Le président du Conseil départemental de Charente-Maritime, Dominique Bussereau (Les Républicains), avait dénoncé lundi les « conséquences graves » de l’abandon du projet. Il y aura des « conséquences graves » pour l’aménagement du territoire, avait prévenu l’ex-secrétaire d’Etat aux transports. Il avait également menacé de boycotter les visites ministérielles dans son département.

Le député PS de Charente-Maritime, Olivier Falorni — tombeur de Ségolène Royal, aux législatives de 2012 — et le maire de La Rochelle, Jean-François Fountaine (DVG), ont eux aussi fustigé cette décision. « La Rochelle va rester un grand port relié par une petite route », a déploré M. Falorni.

Jean-François Fountaine envisage quant à lui de demander des réparations à l’Etat. « Que ceux qui disent qu’il existe des alternatives à l’A831 les donnent », a-t-il dit. « On plie à la volonté d’une personne », a-t-il ajouté, visant la ministre de l’Ecologie et ex-présidente de la Région Poitou-Charentes, ouvertement opposée à ce projet.

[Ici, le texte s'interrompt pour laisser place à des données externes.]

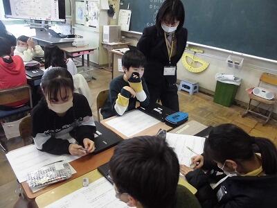 4年生が、点字で名前や学校名、好きな食べ物などを打つことに挑戦しました。
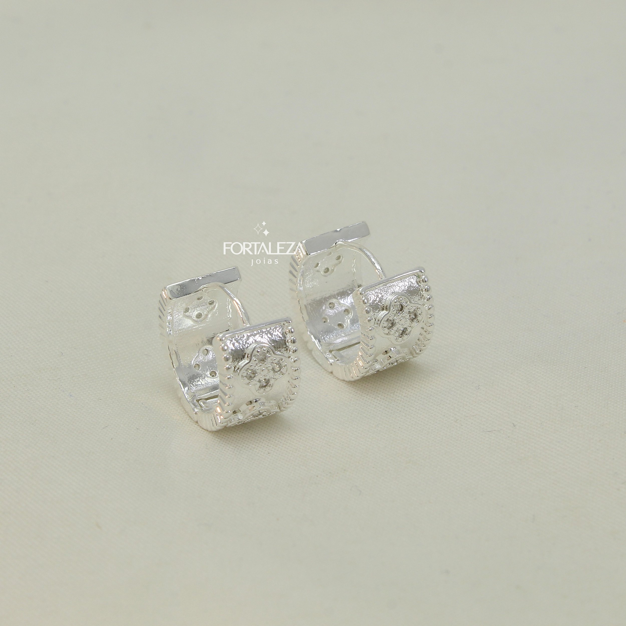 Brinco Argola Trevo Trabalhado em Zircônia Cristal Banhado a Prata
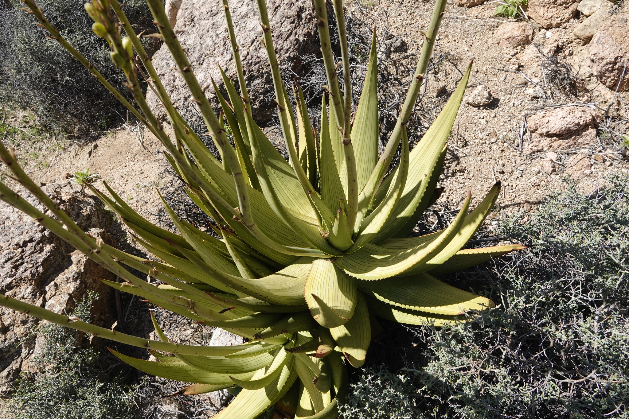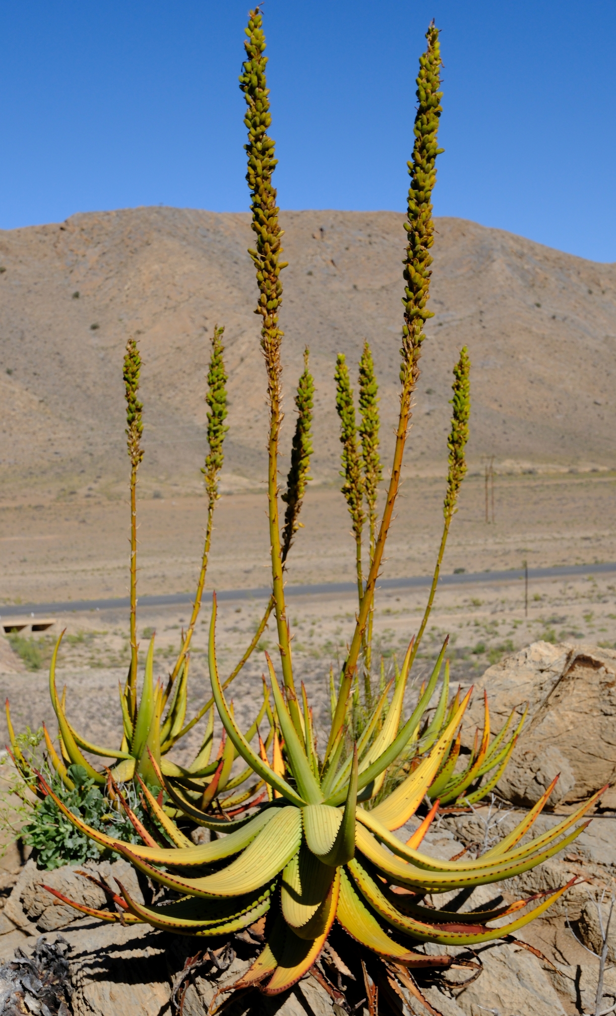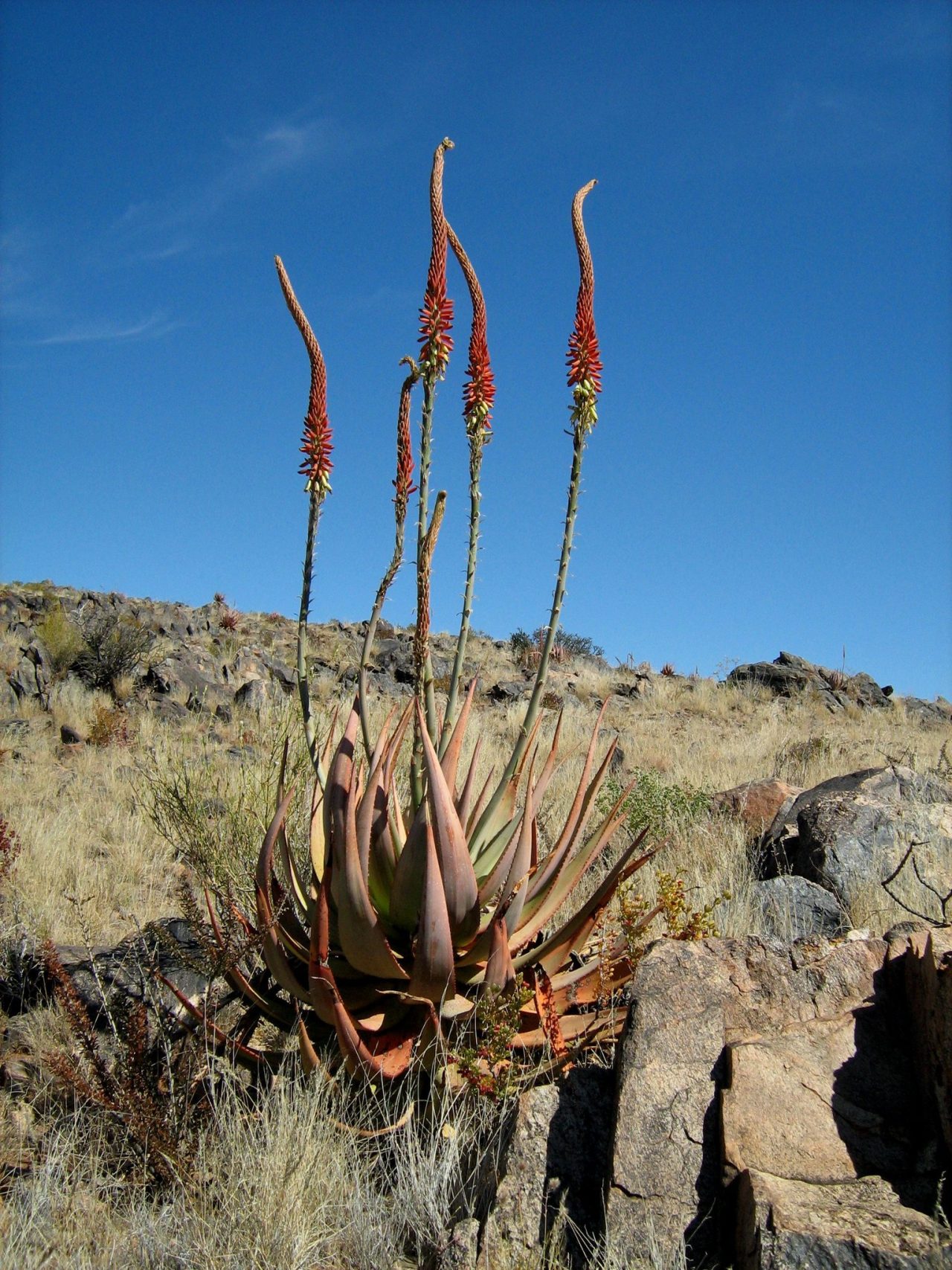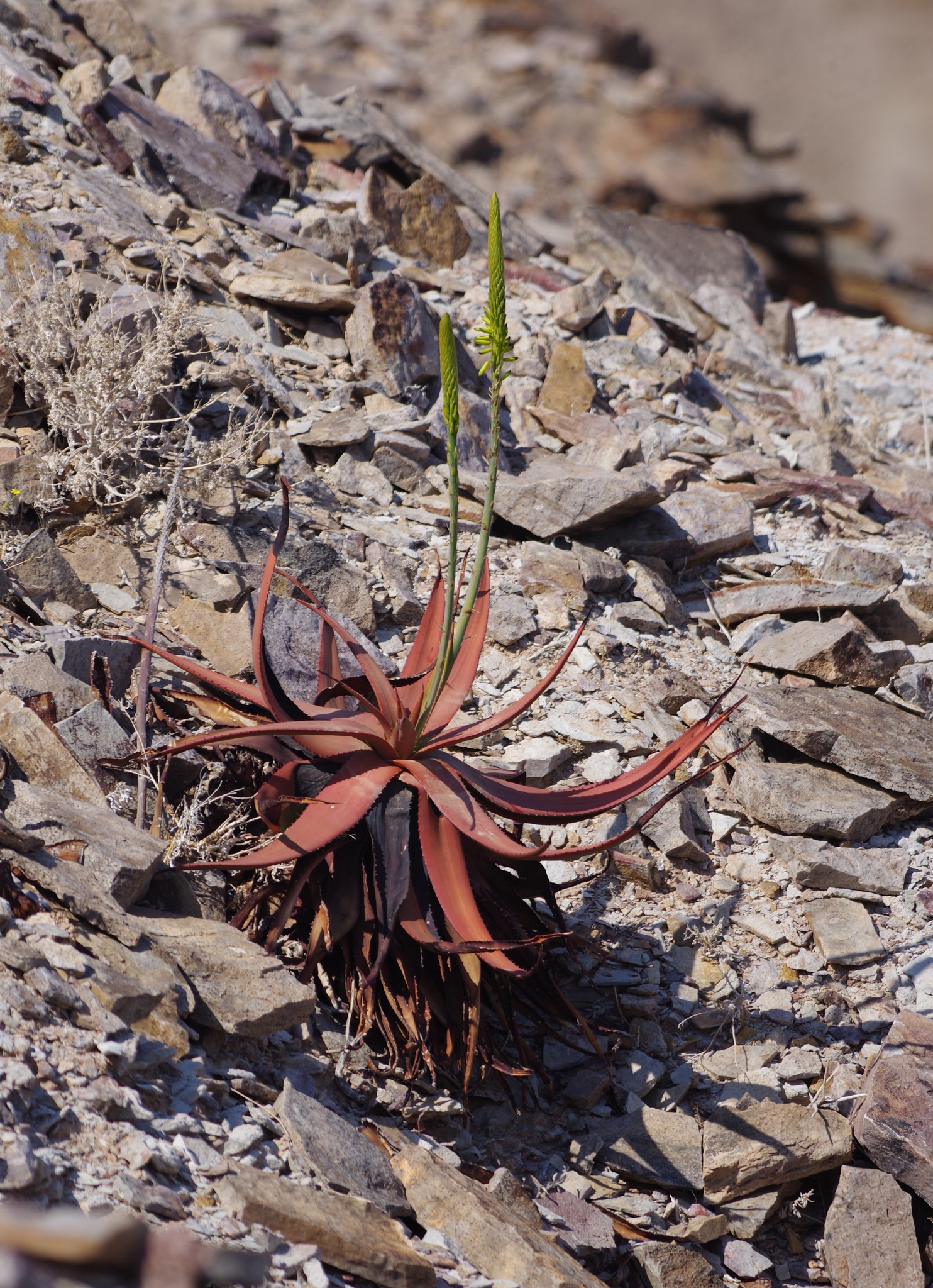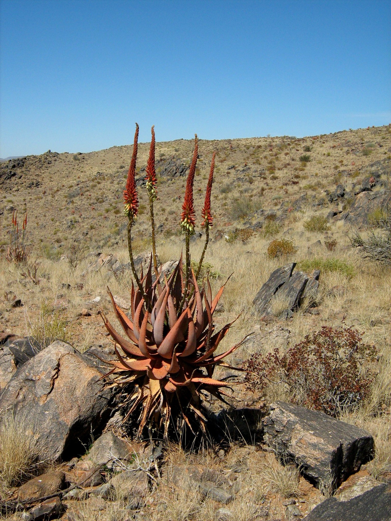 Aloe gariepensis主要分布在南非北开普省和纳米比亚南部的干燥地区,包括Orange River(Gariep River)下游两岸,从河口附近到Kakamas。该种生长在陡峭岩石坡地、岩石裂缝和小灌木保护下,海拔约100-500米,年降雨量约100-300毫米,主要集中在冬季,夏季干旱高温。土壤为石质或砂质,排水良好,常与Nama Karoo和Succulent Karoo植被共生,形成局部生态系统。分布范围狭窄,但局部丰度高,导致其对干扰敏感。
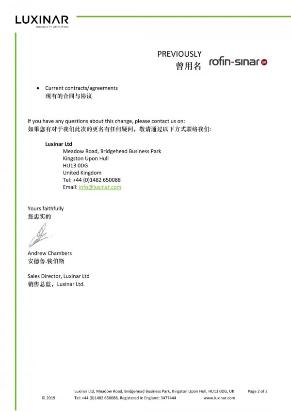 附件:Luxinar Ltd.全球銷售總監(jiān)Andrew Chambers先生關(guān)于啟用新品牌的通告函。

Le député PS de Vendée Hugues Fourage a pour sa part affirmé, le 3 juillet, que François Hollande s’était « finalement » prononcé contre la prorogation de la déclaration d’utilité publique du projet d’autoroute, « enterrant » ainsi le projet.

De son côté, Manuel Valls avait annoncé en mars dernier le lancement d’un nouvel appel à candidatures d’entreprises et indiqué qu’il allait soumettre au Conseil d’Etat un décret visant à la prorogation de la déclaration d’utilité publique du projet.